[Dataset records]

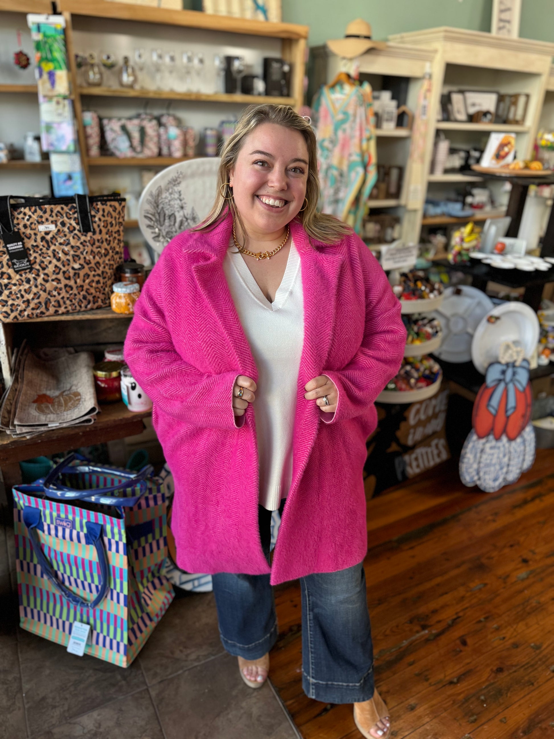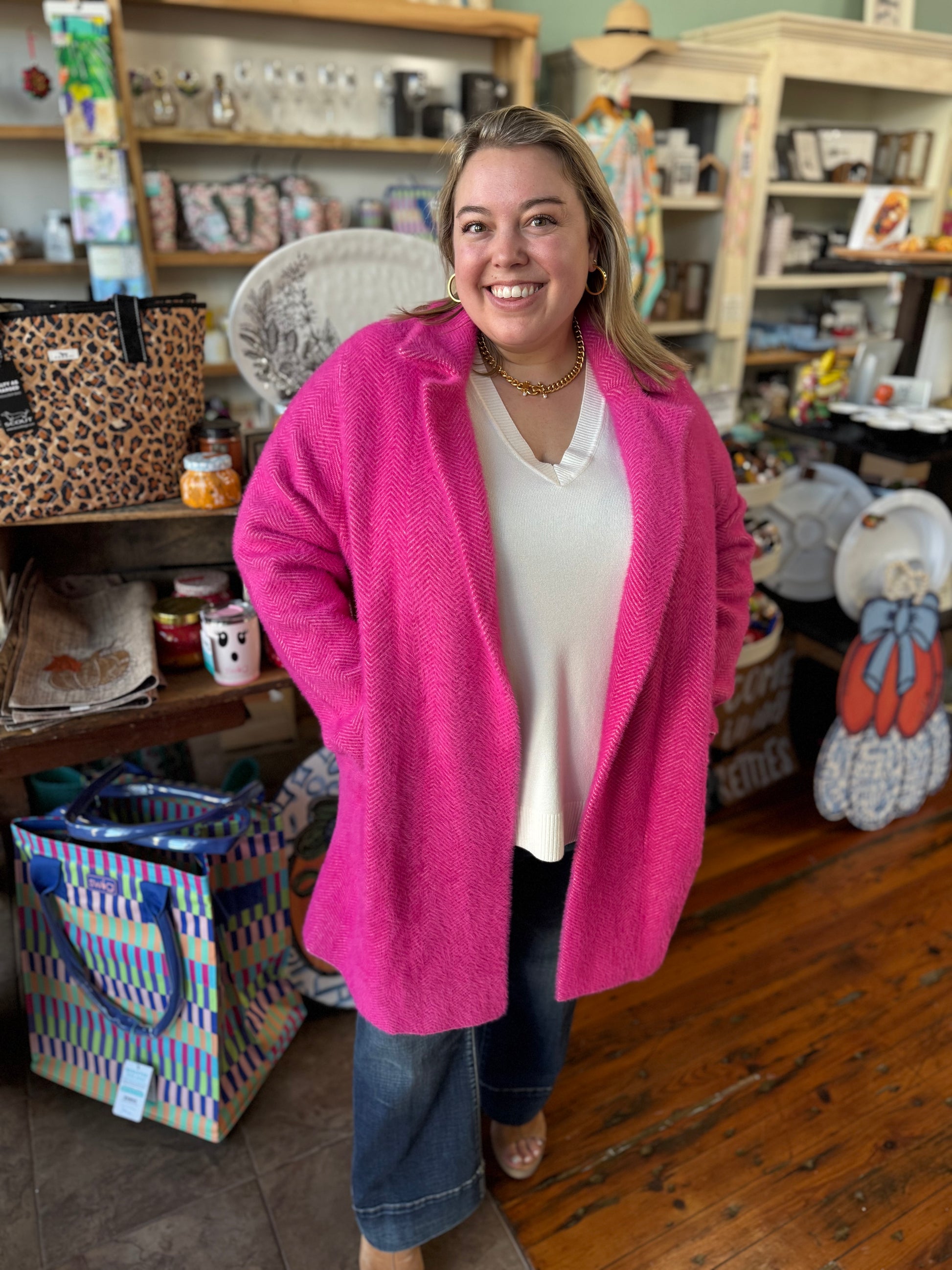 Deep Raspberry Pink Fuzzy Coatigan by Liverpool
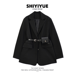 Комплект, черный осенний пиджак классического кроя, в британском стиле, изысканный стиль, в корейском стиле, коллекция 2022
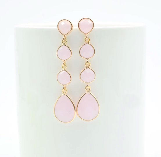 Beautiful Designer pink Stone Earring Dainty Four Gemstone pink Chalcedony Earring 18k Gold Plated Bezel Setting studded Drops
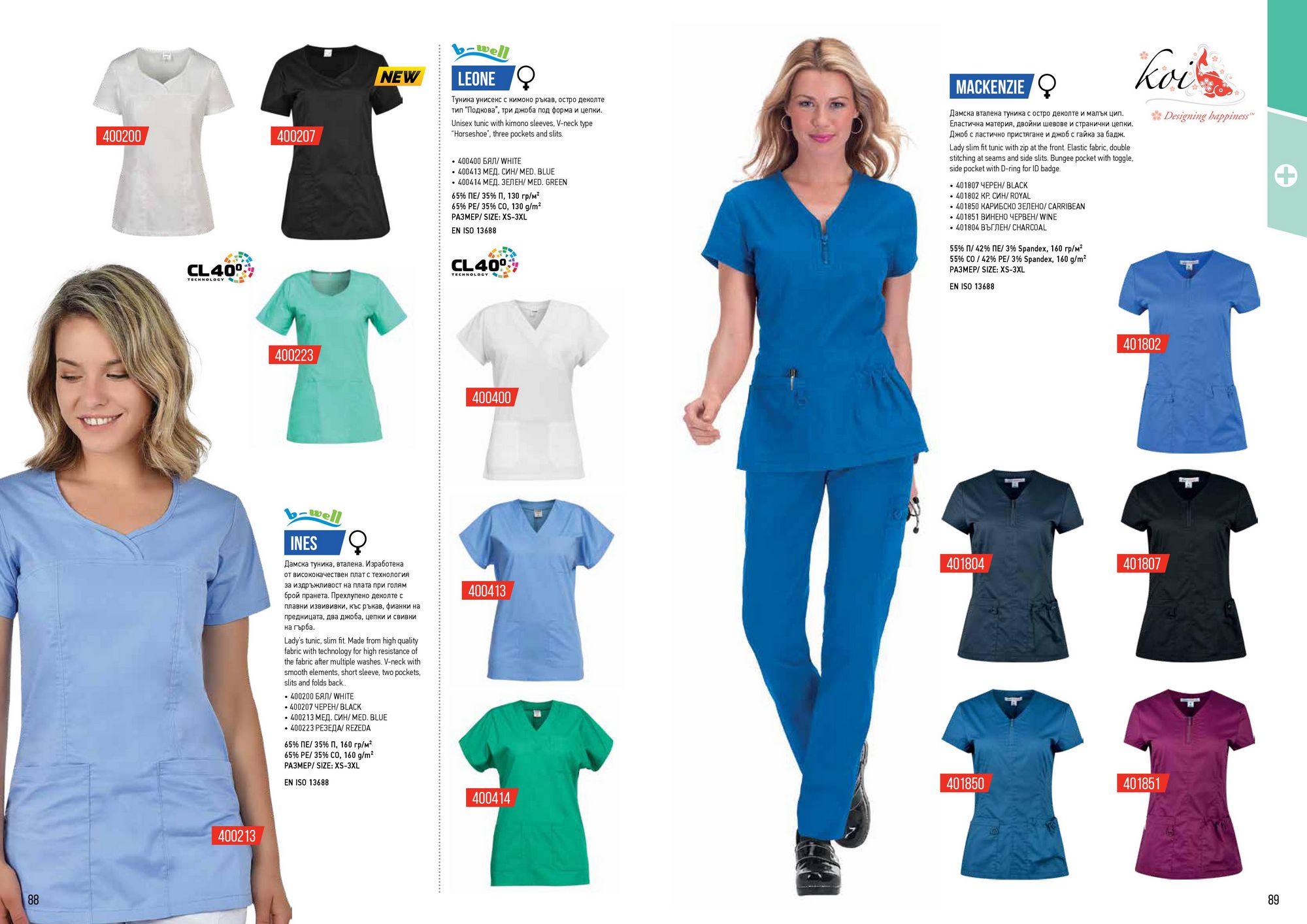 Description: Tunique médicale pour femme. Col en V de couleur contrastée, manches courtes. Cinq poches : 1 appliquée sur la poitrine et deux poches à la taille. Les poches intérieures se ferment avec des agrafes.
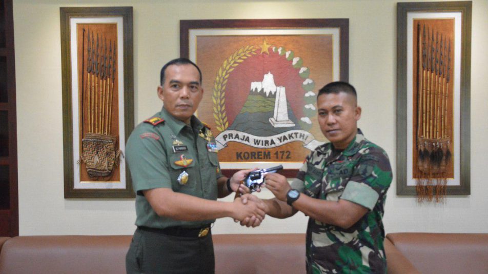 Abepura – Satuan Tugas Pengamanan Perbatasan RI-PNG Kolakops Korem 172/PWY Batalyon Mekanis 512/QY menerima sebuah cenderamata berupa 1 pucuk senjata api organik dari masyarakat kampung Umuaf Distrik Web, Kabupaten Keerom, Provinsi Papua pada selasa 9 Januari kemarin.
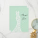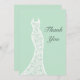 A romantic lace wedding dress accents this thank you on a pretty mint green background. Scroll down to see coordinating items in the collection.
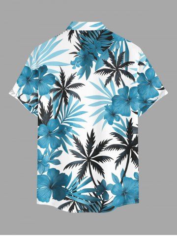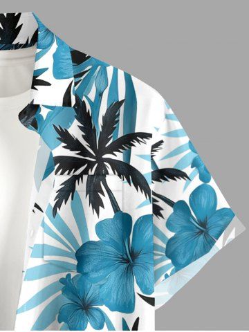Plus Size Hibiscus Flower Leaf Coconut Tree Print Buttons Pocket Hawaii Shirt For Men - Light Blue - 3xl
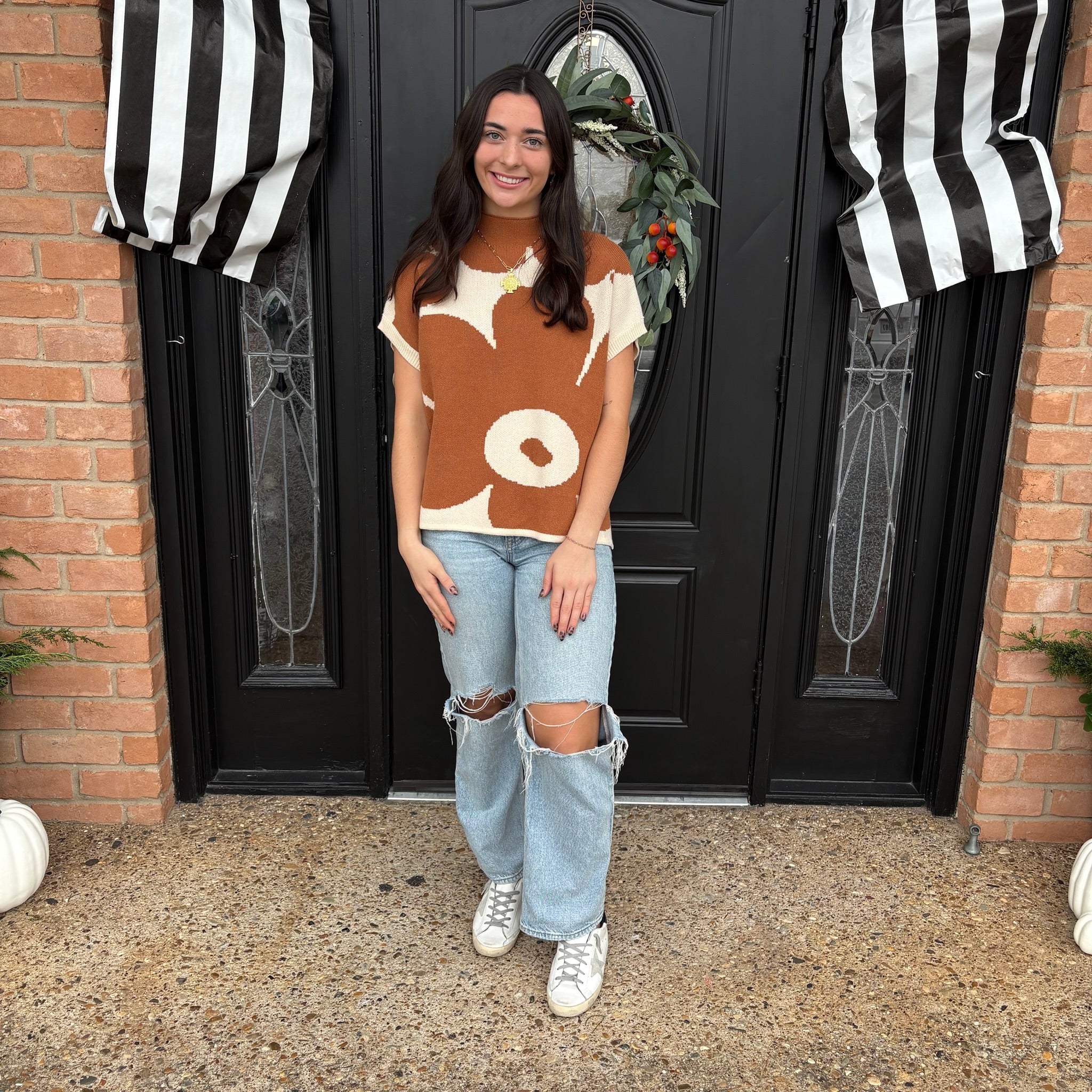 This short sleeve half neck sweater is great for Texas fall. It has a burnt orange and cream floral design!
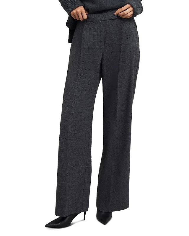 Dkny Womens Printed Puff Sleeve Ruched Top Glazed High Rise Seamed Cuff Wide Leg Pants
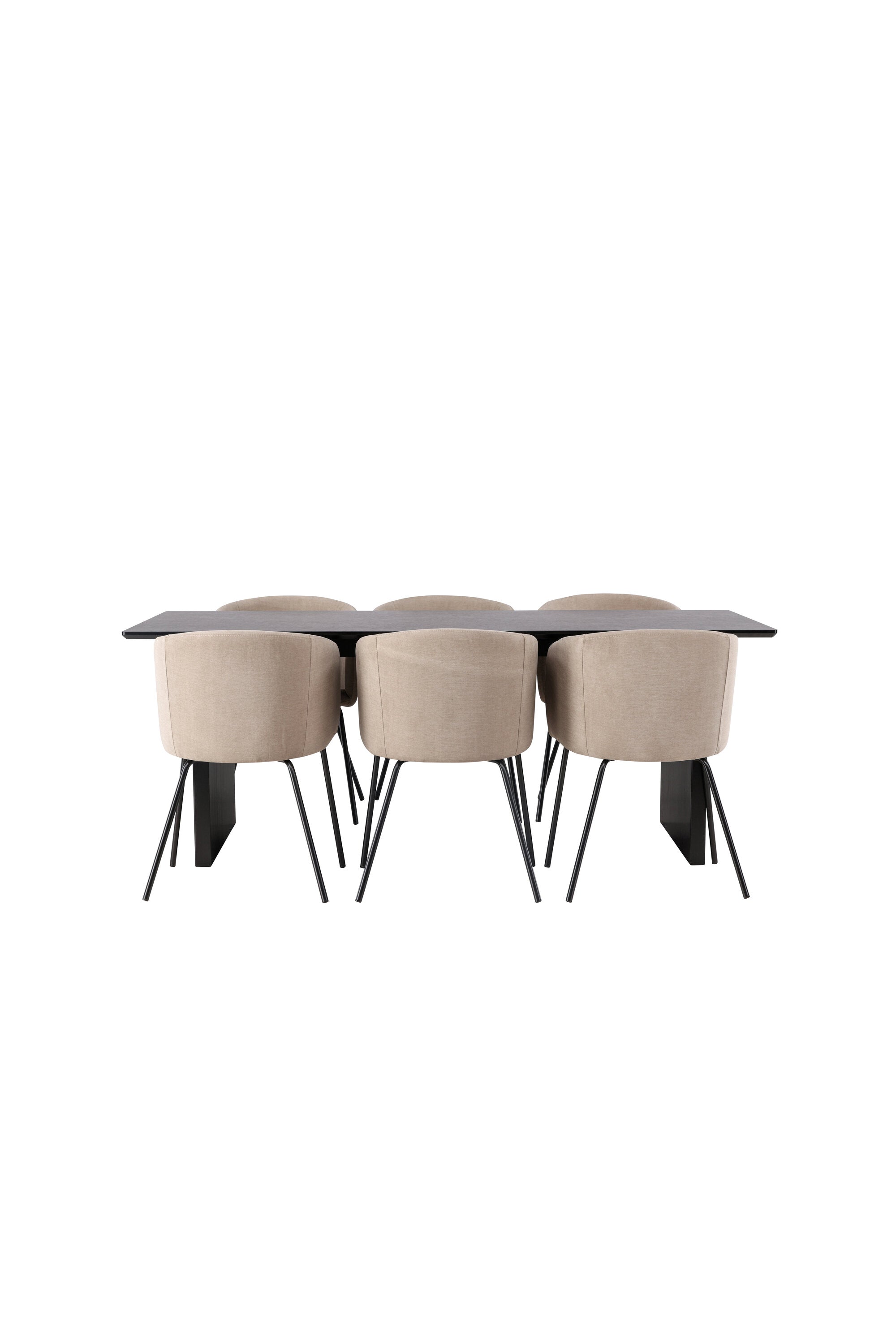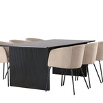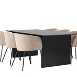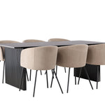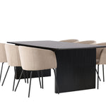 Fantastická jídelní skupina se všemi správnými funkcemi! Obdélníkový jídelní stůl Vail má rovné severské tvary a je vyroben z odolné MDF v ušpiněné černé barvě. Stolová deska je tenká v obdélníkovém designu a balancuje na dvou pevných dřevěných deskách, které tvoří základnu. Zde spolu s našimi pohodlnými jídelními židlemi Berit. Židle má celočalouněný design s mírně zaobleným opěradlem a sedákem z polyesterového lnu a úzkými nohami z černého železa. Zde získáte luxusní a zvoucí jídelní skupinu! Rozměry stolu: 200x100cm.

ASSIGNMENT |
Write out exactly the opening lines of the data, stopping after the line that holds "Beautiful Designer pink". Exclude pictures.

ANSWER |
 Deep Raspberry Pink Fuzzy Coatigan by Liverpool
 Комплект, черный осенний пиджак классического кроя, в британском стиле, изысканный стиль, в корейском стиле, коллекция 2022
 Beautiful Designer pink Stone Earring Dainty Four Gemstone pink Chalcedony Earring 18k Gold Plated Bezel Setting studded Drops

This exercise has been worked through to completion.